The Cup of the Ptolemies (French: Coupe des Ptolémées), also known as the Cup of Saint Denis, is an onyx cameo two-handled cup, or kantharos. It is 8.4 cm high, and 12.5 cm across.

The cup, decorated with Dionysiac vignettes and emblems, was carved at some point in Classical Antiquity, probably in Alexandria. Eventually, it found its way into the treasury of the French kingdom, before it was donated to the abbey of St. Denis. During the Middle Ages, it was used as a Christian chalice, and lavish mounts were added, with Latin inscriptions. In 1804, the cup was stolen, and the mounts were lost, although the cup itself was recovered. It is now in the Cabinet des Médailles at the Bibliothèque nationale de France, Paris.

==Description==
The two-handled cameo cup, one of the acknowledged masterpieces among hardstone carvings of classical antiquity, was carved out of onyx and measures 8.4 cm high with a diameter of 12.5 cm. The cup is covered in Dionysiac vignettes that feature masks, vases, holy animals, and garland: symbols of the cult itself.

What is today considered the front of the vessel depicts six masks surrounding an anclabris. The anclabris is depicted as if it were made out of marble, and two sphinxes—beings that serve as allegorical representations of the mysteries of the Dionysian religion—are supporting the table. On the anclabris stands a small statue of Hermes, next to which hangs a mask with pipes. Above this mask may very well be the raven of Apollo. On the left side of the table, a goat is seen resting on the ground, surrounded by the symbols of the cult. Finally, a wicker basket can be found to the right of the table, out of which a snake emerges; this basket motif is often found in Dionysian artwork, and seemingly was an object of great importance to the religion.
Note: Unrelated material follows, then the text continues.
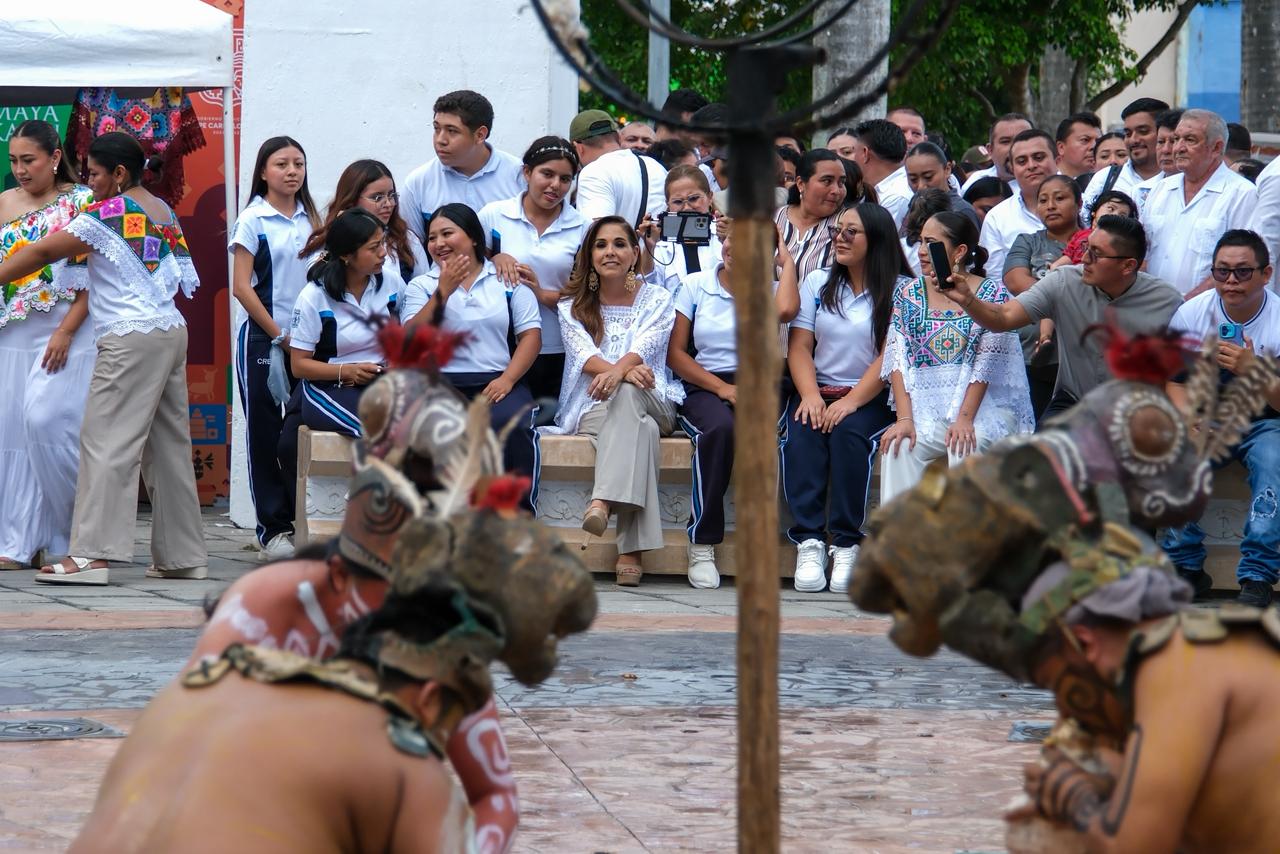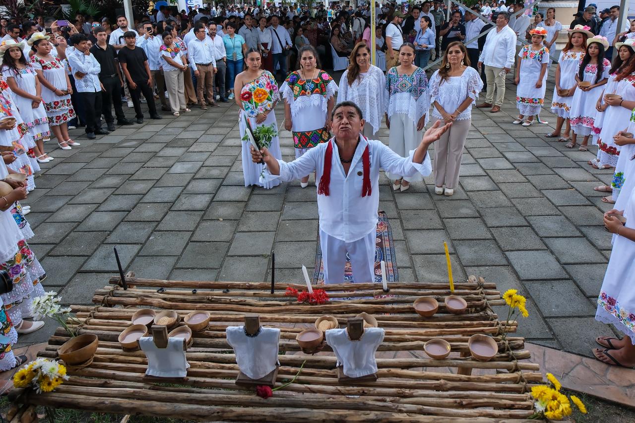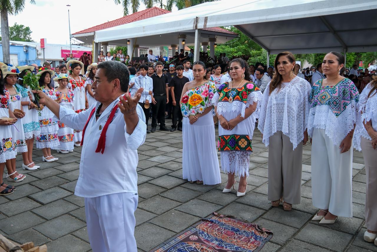Previo a la ceremonia protocolaria, la Gobernadora, acompañada de la presidenta municipal Mary Hernández; de la presidenta honoraria del DIF Quintana Roo, Verónica Lezama Espinosa; del diputado José María Chacón Chablé, en representación de la XVIII Legislatura; de los representantes de las fuerzas armadas, regidoras y regidores, presidentas y presidentes municipales, así como dignatarios mayas, observó una ceremonia maya.

On the upper-left side of what is today considered the back of the vessel, the mask of Pan can be seen in the tree. Below, a goat is reaching for ripened grapes. Behind the goat lies fruit and a table, most likely an anclabris with five ceremonial vessels on top. On the left side of the table stands a small female figure, whose lit torches represent the festivities and the orgies associated with the cult's rites. Frédéric de Clarac argued that the statues could very well symbolize either Telete or Ceres, two deities often associated with Dionysus. Above the table is a tapestry and two bacchante masks. To the right, in an apple tree, another mask of Pan can be seen. Two more bacchante masks are present on the bottom, in front of the table.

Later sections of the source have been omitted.